Chain-of-Thought Prompting: A Deep Practical Guide for Developers

Learn how chain-of-thought prompting works under the hood, when to use it, and how to implement zero-shot, few-shot, and tree-of-thought variants without blowing your token budget.

Author

AICredits Team

Published

15 Mar 2026

Reading time

14 min read

What is chain-of-thought prompting and why does it work?

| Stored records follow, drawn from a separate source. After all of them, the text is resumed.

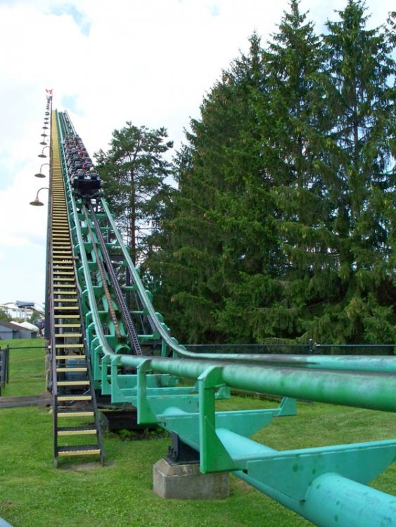 Day 4: Kennywood - Sometimes authentic-retro comes across as janky instead of charming. Yeah, I'm a purist, but I'm honest, too. - Phantom's Revenge was fun, but I was kind of let down by "the big drop." Still, it has the best bunny-hill airtime of any Morgan, or any Morgan/Arrow hybrid, for that matter. - Thunderbolt was running terribly. It felt Vekoma-ish. - Jack Rabbit was OK. I felt the double-down on Phantom was better. - The Racer was very fun. +1 for Mobius-ness. - Exterminator was insane. If Six Flags had gone with that model instead of the regular Mack mouse, you probably wouldn't hear many complaints. I'm pretty sure my face hit the side of the car at some point. That's bad ass. - The fried Oreos were like warm chocolate chip cookies wrapped in a beignet. Don't know what a beignet is? You haven't lived yet. Day 5: Hersheypark and TPR I just visited Hersheypark back in early June, so I don't have too much to add. ERT on Fahrenheit and Storm Runner was excellent. Fahrenheit actually went up a little in my rankings, and Storm Runner went down a little. Matt (Spideyfreak) and I credit whored on Wild Mouse and Roller Soaker, and it's always nice to have a partner when whoring. And I want to say hey to all the great people I met on Friday: Matt, Dave, Eli, & Kerry, Mike Austin (a.k.a. Wank), Dominic (SixFlagsBoy), and Joe from GCI. It was great to meet such a cool group of people, and I hope our paths cross again sometime. MOAR PIKSHURS! Joe and I give this trip report four awkward thumbs up. Thanks for reading, everyone! The view from TPR Trivia. With 100% less Chinese finger cuffs. Would you like some butter with that cobra roll? Perhaps some sorghum? The Comet is so cool it doesn't even need a witty caption. It just says "Yeah... uh huh" like Diddy in a Biggie song. Does it count as a foot chopper if you're going 2 mph? Grab some tissues, you Norwegian Loop fans. Oooh... hot panoramic action. Matt and I give Roller Soaker the thumbs-down. They could have simply made us stand in place for 30 minutes, then dump a cold bucket of water on us, and it would have accomplished the same. ??? Morning ERT on Storm Runner. Wait... what the hell kind of face is Robb making? RAC, now with less ER. I know it's a classic, but it kicked my ass in a bad way. These people are happy because: a) they won't be enduring four horrific Arrow inversions. That's it. There are no other choices. The correct answer is a). Morgan-ized! I snapped this picture on the way to Pittsburgh. New motto for this site: "Duck, TPR!" -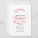 Rosa Blütenfeder Quinceanera laden mit Sakurenblüte mit goldenem geometrischem Rahmen ein, der auf Ihre Veranstaltungsspezifikationen zugeschnitten ist.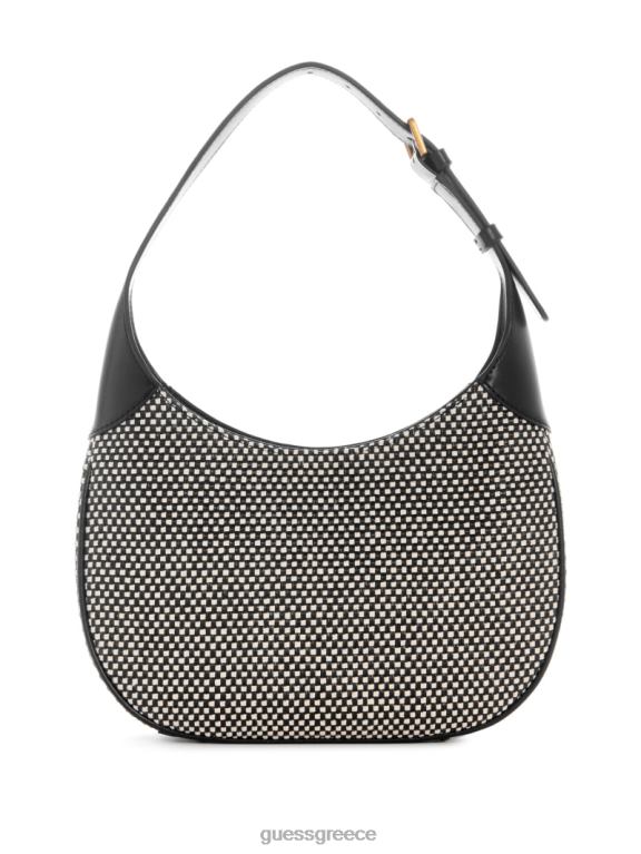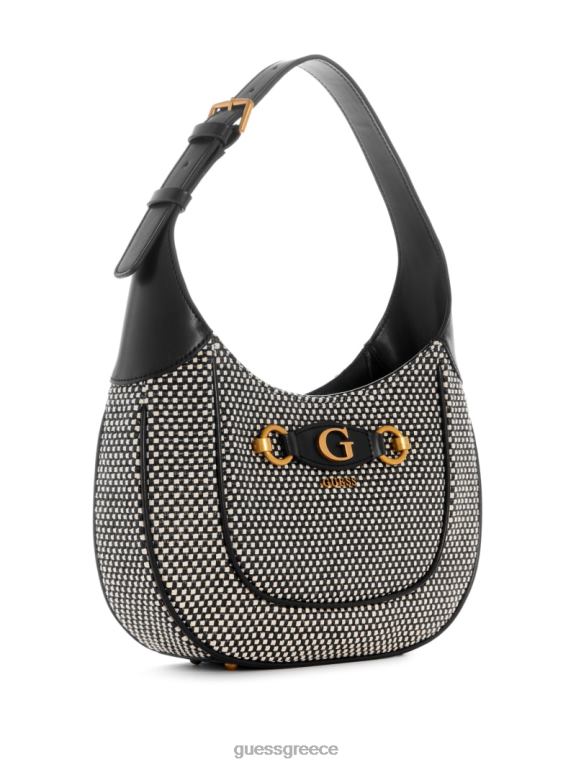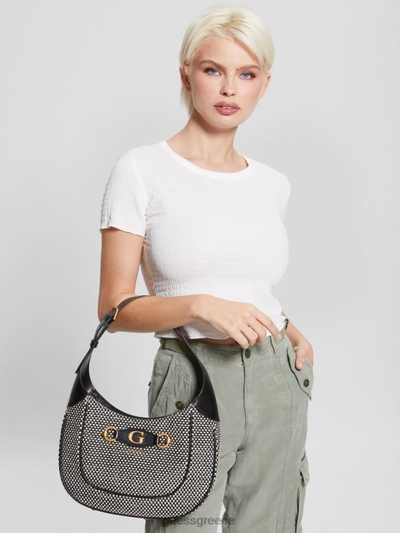 GUESS γυναίκες izzy raffia hobo bag μαύρο γυαλιστερό νικέλιο σακούλες J46DJ3044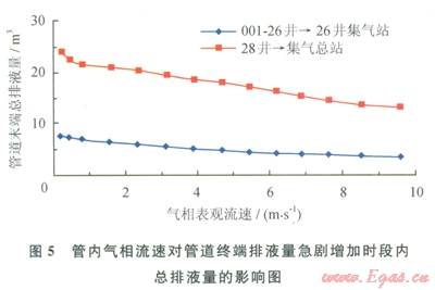 2)對管道終端總排液量的影響。清管過程中2條管道終端在排液量急劇增加時段內(nèi)的總排液量如圖5所示。由圖5可知,不同氣相流速對清管過程中管道終端排液量急劇增加時段內(nèi)總排液量的變化將產(chǎn)生顯著影響。隨著管內(nèi)氣相流速的增大,管道終端總排液量呈現(xiàn)逐漸遞減的趨勢,這是由于隨著管輸量的增加,管內(nèi)氣流速度增大,氣體的攜液能力增強,管內(nèi)總積液量減少,因而清管過程中管道終端總排液量也將減少。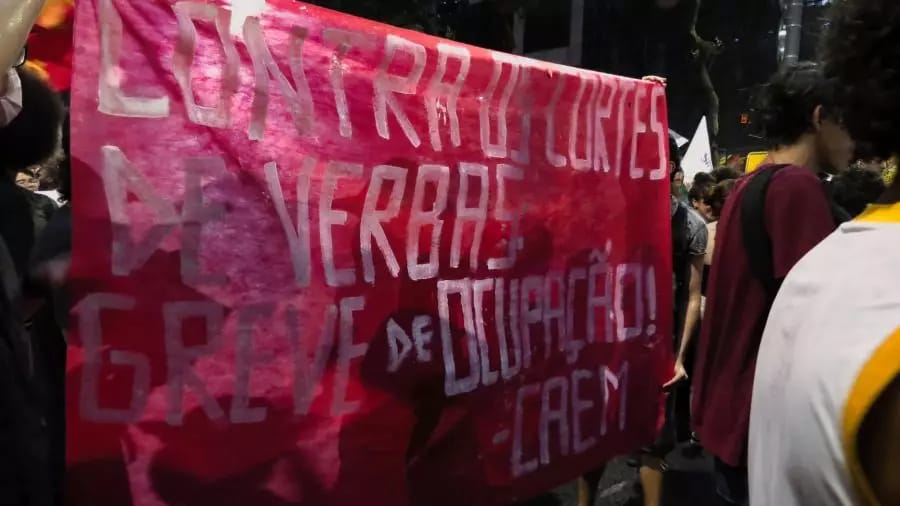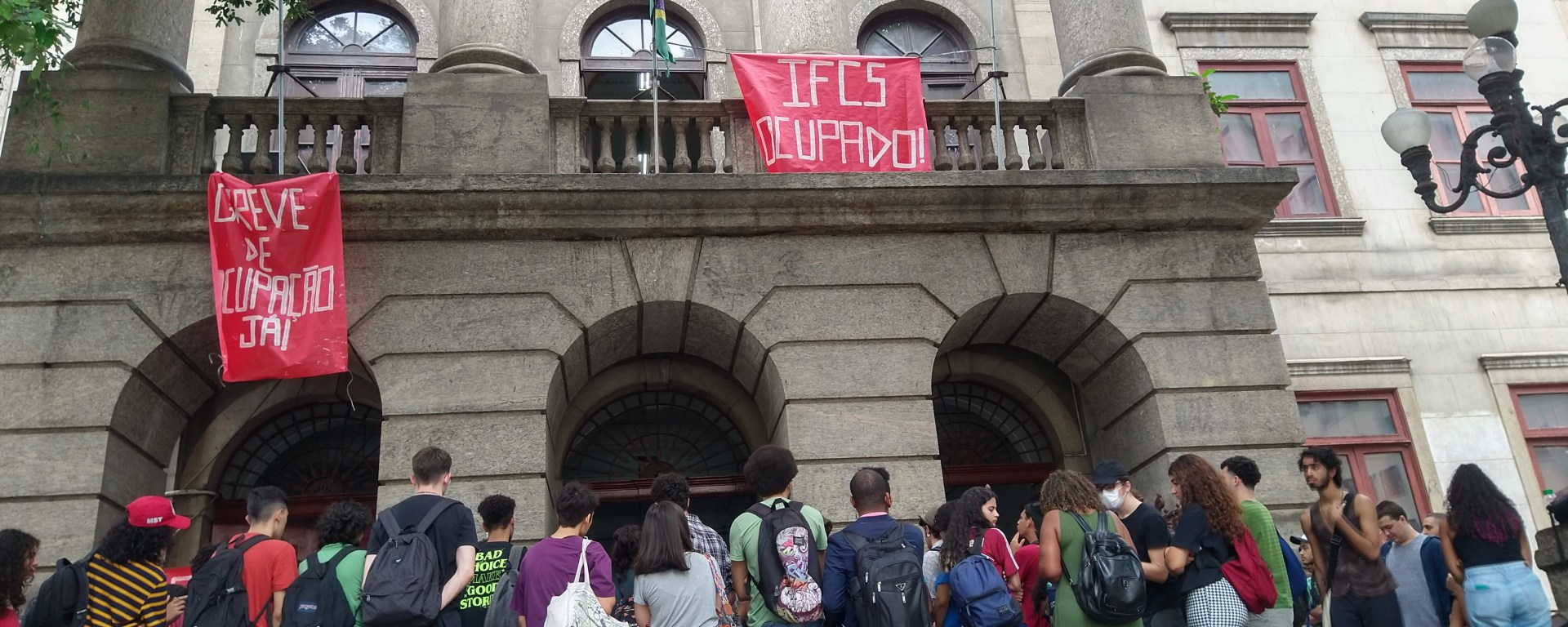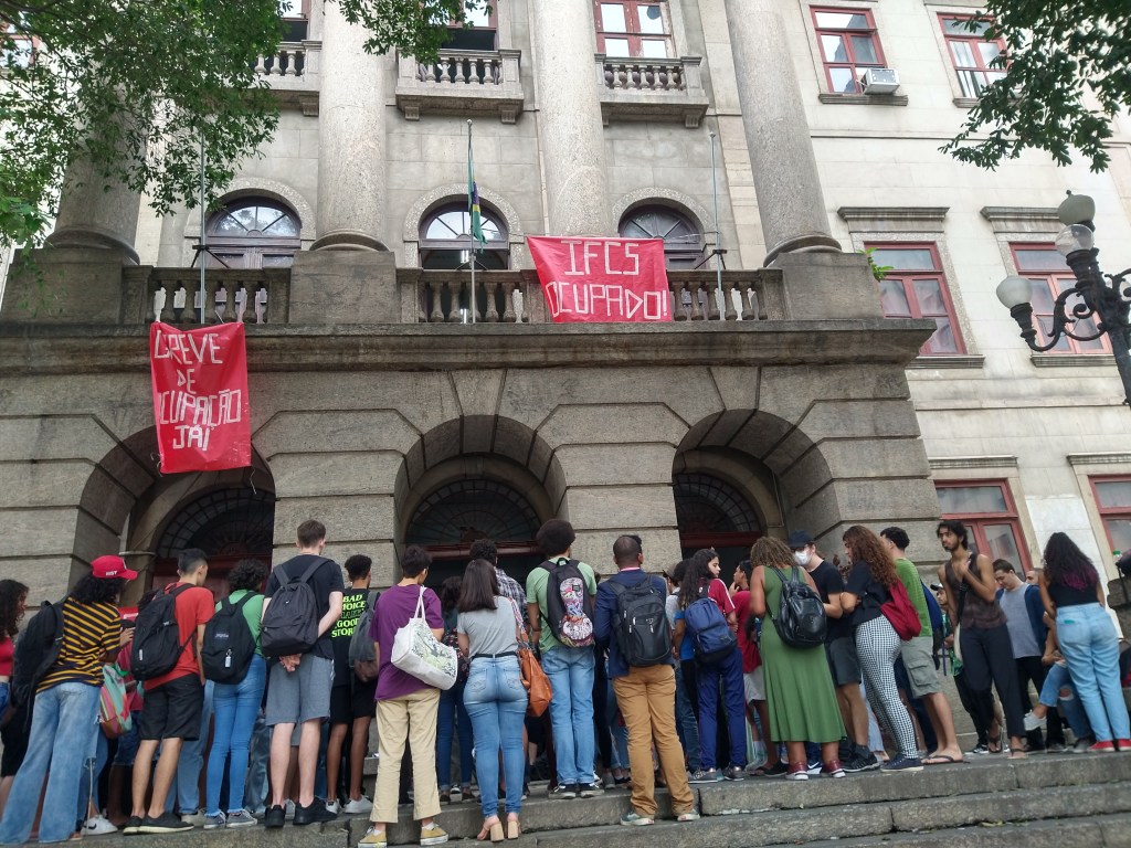 Respeitando a decisão da assembléia e não deixando acontecer a mesa dos oportunistas da UNE e principalmente DCE (correnteza, juntos, ujc e ujs) que além de não fazerem o repasse da assembléia, esconderam a ata e ainda quiseram montar uma mesa com o Leo Péricles e outros ex candidatos não eleitos em cima da pauta dos cortes de verbas. Pediram para unificar as mesas pois elas “tinham o mesmo objetivo”, porém não aceitaram as condições para que os professores do IFCS participassem sem os candidatos. Tentaram implodir a mesa uma primeira vez. Pra tristeza deles, não conseguiram fazer a mesa com os candidatos na escadaria, pois os estudantes não concordaram que a paralisação virasse comício e por isso colocaram um carro de som para tocar no meio da fala do professor de Antropologia. Tentavam fazer recuar os estudantes e professores que queriam ocupar a entrada do prédio e sem sucesso, começaram a se organizar do lado de fora pro ato-comício. O bloco dos estudantes do IFCS foi junto com o Centro Acadêmico de Música da UFRJ defendendo “contra os cortes de verbas: greve de ocupação”. Esses estudantes convocaram todos no ato para a assembléia de ocupação.

Chain-of-thought (CoT) prompting is a technique where you instruct a language model to reason through a problem step by step before producing its final answer. Instead of asking "What is the answer?", you ask the model to show its work — and that act of showing work turns out to dramatically improve accuracy on tasks that require multiple reasoning steps.

The original finding came from Google Brain researchers in 2022. They showed that simply adding the phrase "Let's think step by step" to a prompt improved performance on grade-school math benchmarks from around 18% to over 78% on some models. That is not a small tweak — it is a near-quadrupling of accuracy from four words.

Why does it actually work?

There are two complementary explanations.

The information-theoretic view: When a model generates an answer directly, it has to compress multi-step reasoning into a single forward pass up to the token representing the answer. When it writes out intermediate steps, each step provides additional context that informs the next token prediction. The model is, in effect, using its own output as working memory. LLMs do not have persistent internal state between tokens — the KV cache holds attention over the context window, and more context means more signal.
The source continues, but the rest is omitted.